» **EXERCISE INPUTS**
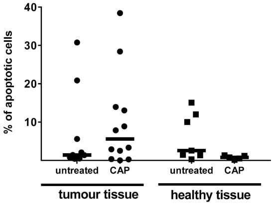 Induction of apoptosis by CAP treatment was superior in tumour tissue compared with healthy mucosal tissue.
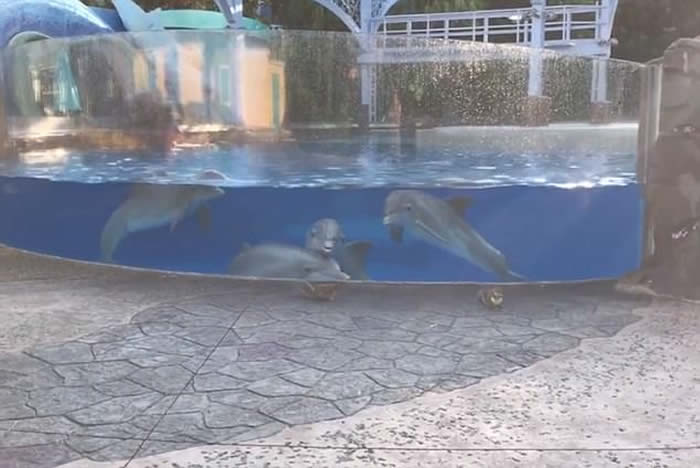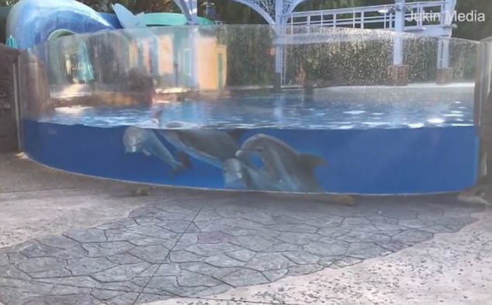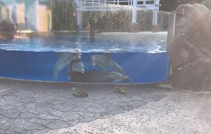 视频:美国佛州主题乐园“海洋世界”4条海豚被玻璃水箱外两只小松鼠吸引
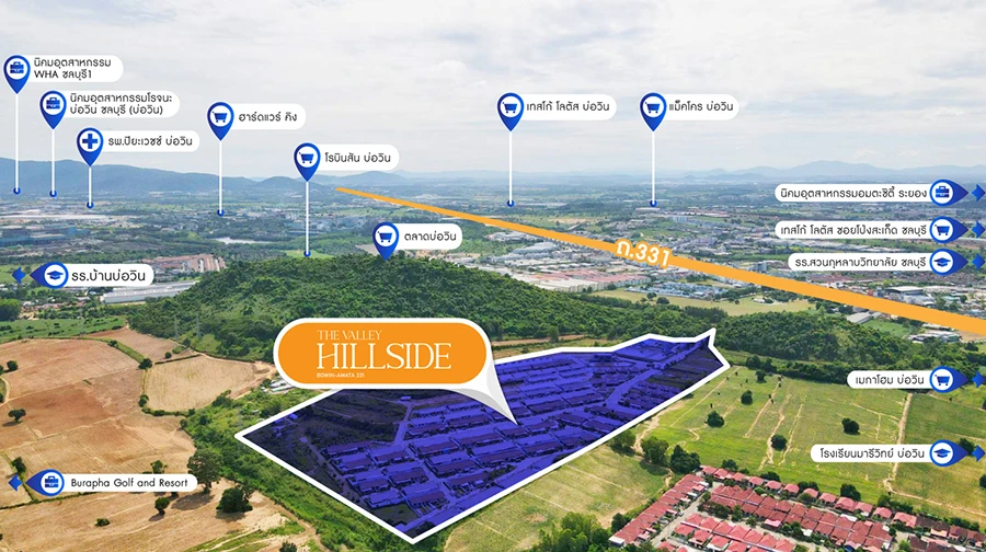 โครงการเดอะวัลเลย์ ฮิลล์ไซด์ อมตะ-บ่อวิน 331 ตั้งอยู่ที่ 88/10 หมู่ที่ 3 ถนนทางหลวง 331 ต.บ่อวิน อ.ศรีราชา จ.ชลบุรี สามารถรับชมวิวเขาธรรมชาติได้แบบ 360 องศา ให้ทุกการผักผ่อนลึกซึ้งยิ่งขึ้น แต่ในขณะเดียวกันก็ยังใกล้สิ่งอำนวยความสะดวกครบ เช่น ห้างโรบินสัน ตลาดบ่อวิน เทสโก้ แมคโคร โรงเรียนสวนกุหลาบวิทยาลัย ชลบุรี โรงเรียนมารีวิทย์ บ่อวิน อีกทั้งเจ็บป่วยก็หายห่วงเพราะไม่ไกลจากโรงพยาบาล ปิยเวชช์ บ่อวิน
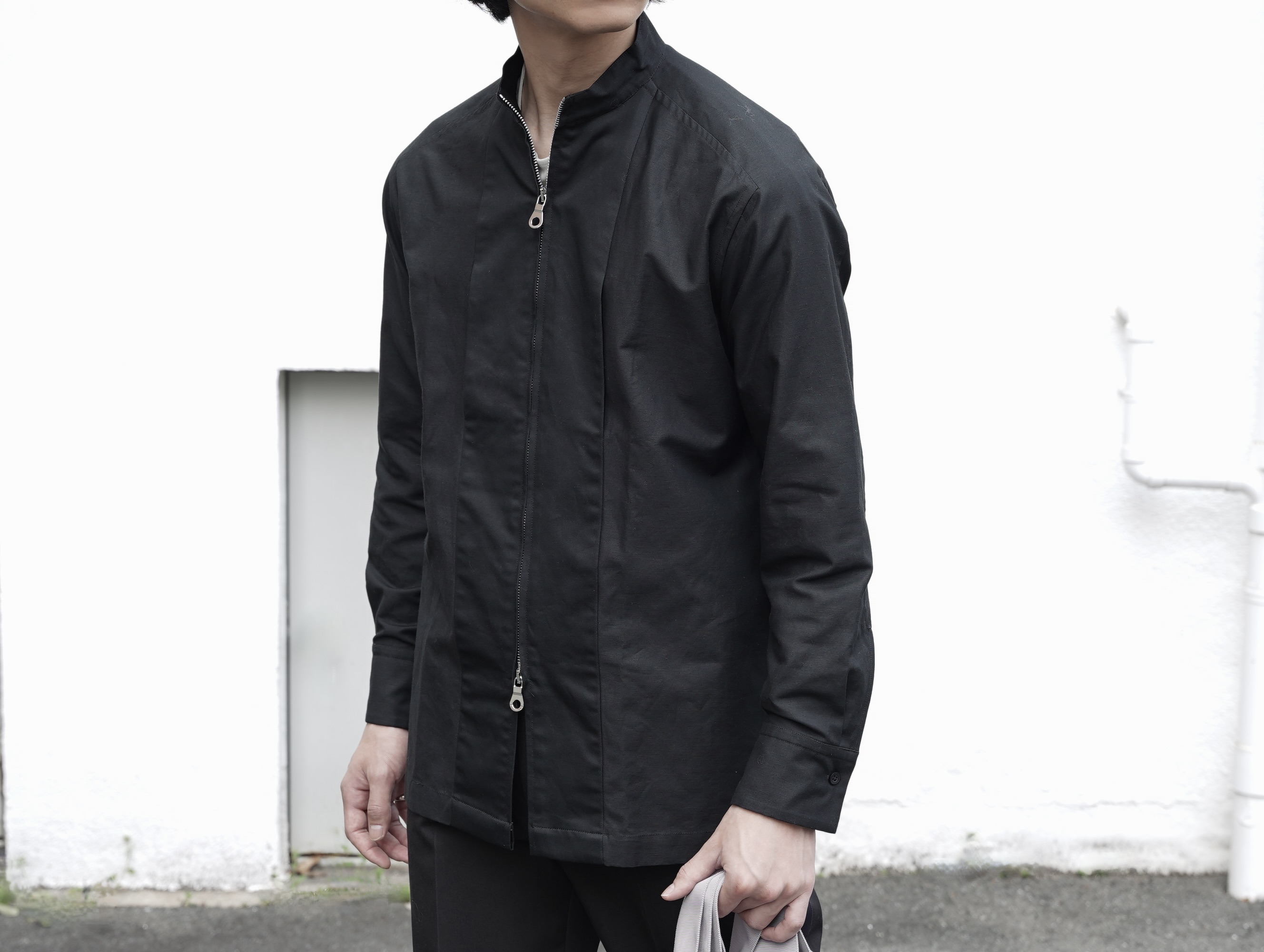 前立てをジップ仕様に置き換えることでシャツの軽やかさを残しながらも、羽織りとしての側面を合わせ持ちます。
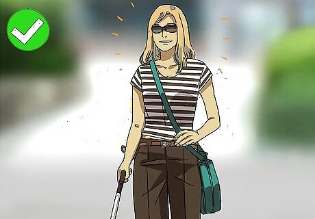 Remember that not everyone who is considered 'blind' are 100% blind. Some people who are legally blind have limited vision, others can see some in different light levels such as dusk or cloudy light, and yet others may have pinhole vision or peripheral vision. Never touch or grab someone in efforts to assist. Never place an item in their pockets or grab an item of theirs in efforts to assist. They may not be able to see, but most are still physically able.
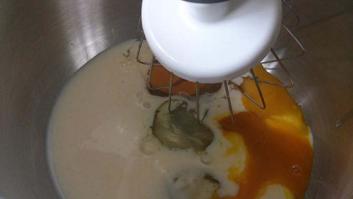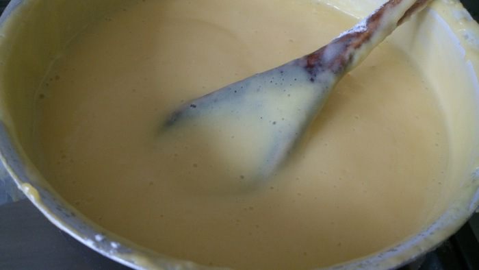 Вот тут есть один важный момент. Если вы уверены, что предыдущий шаг сделали правильно, то можно сразу эту смесь вливать в горячее молоко. При этом постоянно помешивать. Ничего не свернется - проверено! Но если уверенности нет, то лучше влить немного молока в яичную смесь, размешать и только потом добавить все это в ковшик с молоком.
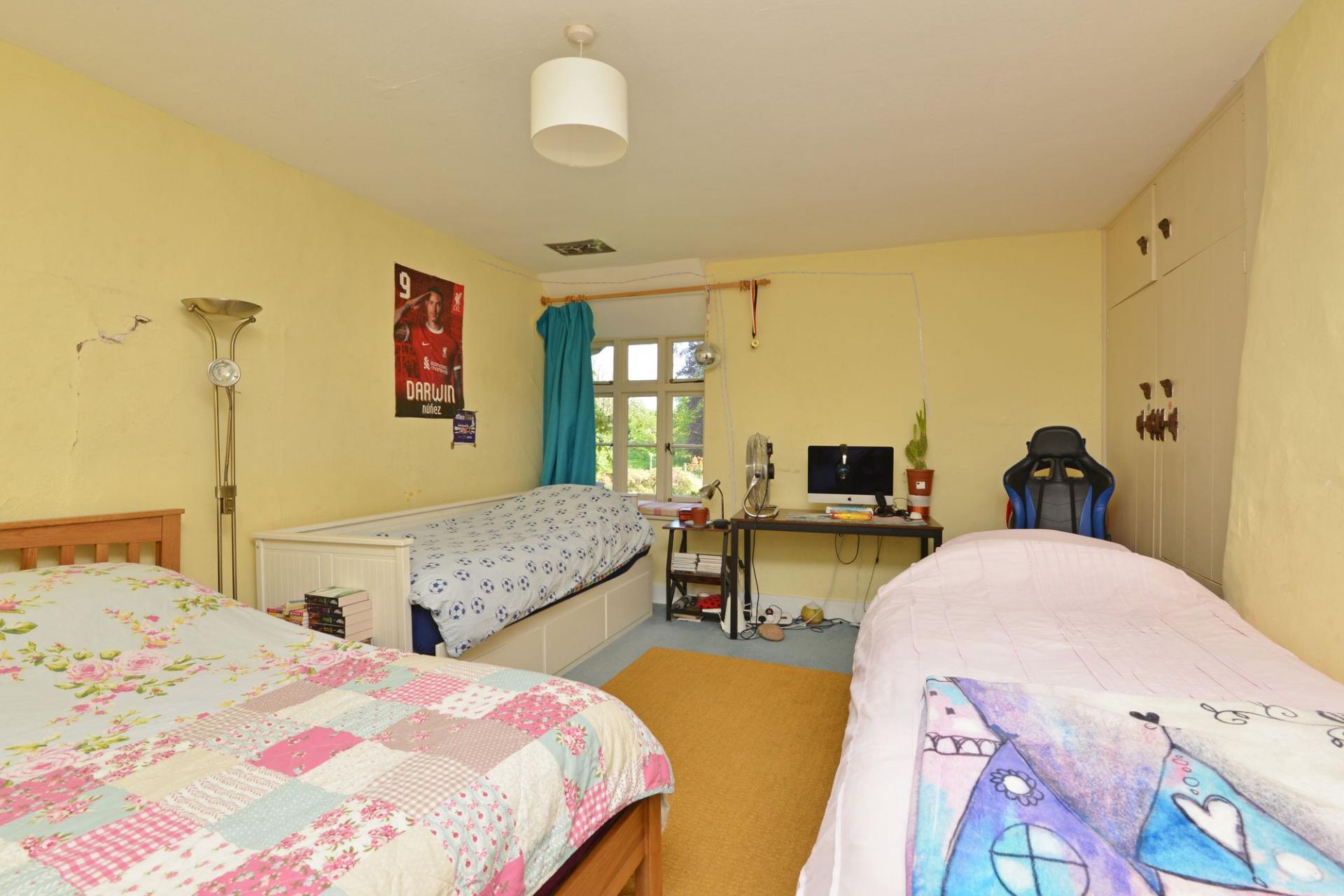 Bedrooms two and three, in the original part of the house, are generous doubles, while bedrooms four, five, and six all enjoy countryside views. A modern shower room completes the accommodation.
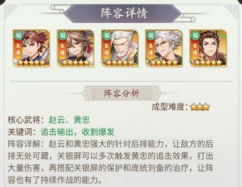 阵容组成:赵云+关银屏+黄忠+庞统+刘备
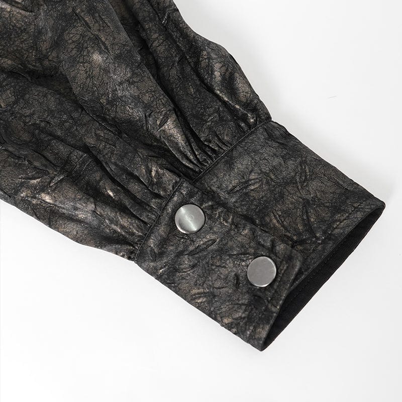 Men's Gothic Puff Sleeved Faux Leather Splice Shirt with Chain

» **PROMPT**
Beginning with the line that contains "Bedrooms two and" in the data above, please copy each line exactly until the last line, both ends included, skipping any pictures.

» **PROBLEM SOLUTION**
 Bedrooms two and three, in the original part of the house, are generous doubles, while bedrooms four, five, and six all enjoy countryside views. A modern shower room completes the accommodation.
 阵容组成:赵云+关银屏+黄忠+庞统+刘备
 Men's Gothic Puff Sleeved Faux Leather Splice Shirt with Chain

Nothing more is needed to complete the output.